Some good links on the subject:
http://webaim.org/forums/viewtopic.php?id=337
http://www.webaim.org/techniques/alttext/
http://fadtastic.net/2007/04/19/proper-use-of-alt-and-title-attributes/
http://www.accessibilitytips.com/2008/04/14/avoiding-redundant-title-att...
http://www.elated.com/articles/using-alt-and-title-attributes-correctly/

There is a way here that pointing people to good examples of how to describe their content could be good.

Mike

Brigadier’s picture

The term "Decorative" is very well established as meaning an image that doesn't contribute to the meaning of the page. Using it here would be clear and users who aren't familiar will be able to google & get an idea what it means. Having a checkbox for decorative that allows a blank alt text makes sense to me.

I haven't tried the patch but the configuration described by quickscketch at #7 above seems good to me. I'd also be okay with defaulting all those checkboxes to checked, since unchecking them is then a conscious decision to be okay with ignoring WCAG.

mgifford’s picture

I just wanted to bring up that the great suggestions that @quicksketch made in #7 haven't made it into D7 core. I'm pretty sure they won't at this point so we'll have to look at adding these with a contrib module if they are going to be there.

Everett Zufelt’s picture

Some configuration options that might be under this fieldset:

- Accessibility options -

[ ] Limit ALT text to 80 characters

* I don't see a good reason to limit alt text to 80 characters. Content creators should have the ability to provide a textual replacement of the image (textual "alt"ernative). This may be over 80 chars. I would haveto be pointed to a WCAG 2.0 success criteria which requires this in order to be on board with this option.

[ ] Require ALT text unless "Decorative" option is checked

* This gets into some dangerous ground. What is "decorative"? I work in the accessibility field and I can say that although there are rules of thumb, there is no right answer. Is an image of a sunset in the middle of a blog post about my trip to Cuba decorative? How about a stock photo of a Christmas tree on an a product page for wrapping paper? If we put this "decorative" power into the hands of content creators we need to ensure that they truly understand what is and is not decorative, at least that they adopt a consistent approach for their own content, if not across the site.
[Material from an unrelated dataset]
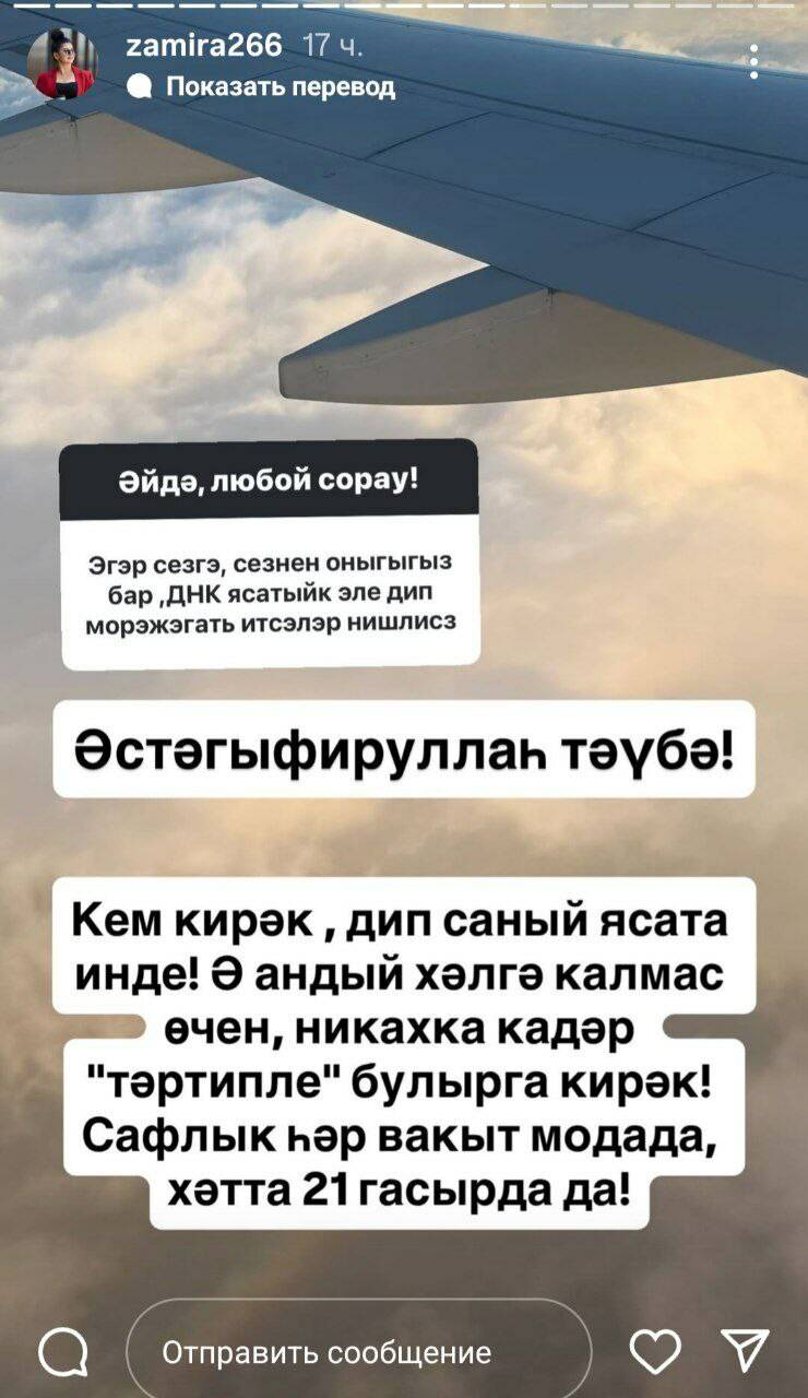 «Кем кирәк дип саный – ясата инде. Ә андый хәлгә калмас өчен, никахка кадәр «тәртипле» булырга кирәк. Сафлык һәрвакыт модада, хәтта XXI гасырда да», – дип яза Зәмирә.

[ ] Enable longdesc field for long descriptions

* @longdesc has been obsoleted in html5, although it may come back. Again developers need to know what it is, why and when to use it. They also need to understand the lacking support by some UAs, including some screen-readers.

quicksketch’s picture

I don't see a good reason to limit alt text to 80 characters.

We've actually already limited alt text to 80 characters for over a year now in ImageField, so this is actually necessary at all anyway. It's per this recommendation: http://www.gawds.org/show.php?contentid=28

In order to increase this length you can override it in your settings.php file or with devel module by setting the "imagefield_alt_length" hidden variable.

I still don't like the idea of a "decorative" checkbox either. Since you'll probably get 1 out of a 1000 editors that knows what to do with it and uses it properly. As a web developer for years and years I probably won't know what to do with it even though I've read the spec multiple times.

On longdesc, I'm not sure it's really worth implementing at all.

quicksketch’s picture

Huh, well after actually looking at that page I found that 80 characters doesn't seem to be mentioned there any more. Weird, I know we got that from somewhere or I wouldn't have set it to 80 to begin with.

quicksketch’s picture

Status: Needs work » Closed (won't fix)

We're not implementing any significant features in D6 any more. Any similar requests should be refiled against Drupal core now that Image field is in core.

mgifford’s picture

I added a follow-up issue here #1971222: Incorporate longdesc into image support as longdesc isn't in D7 yet.

Thanks for following up on this @quicksketch!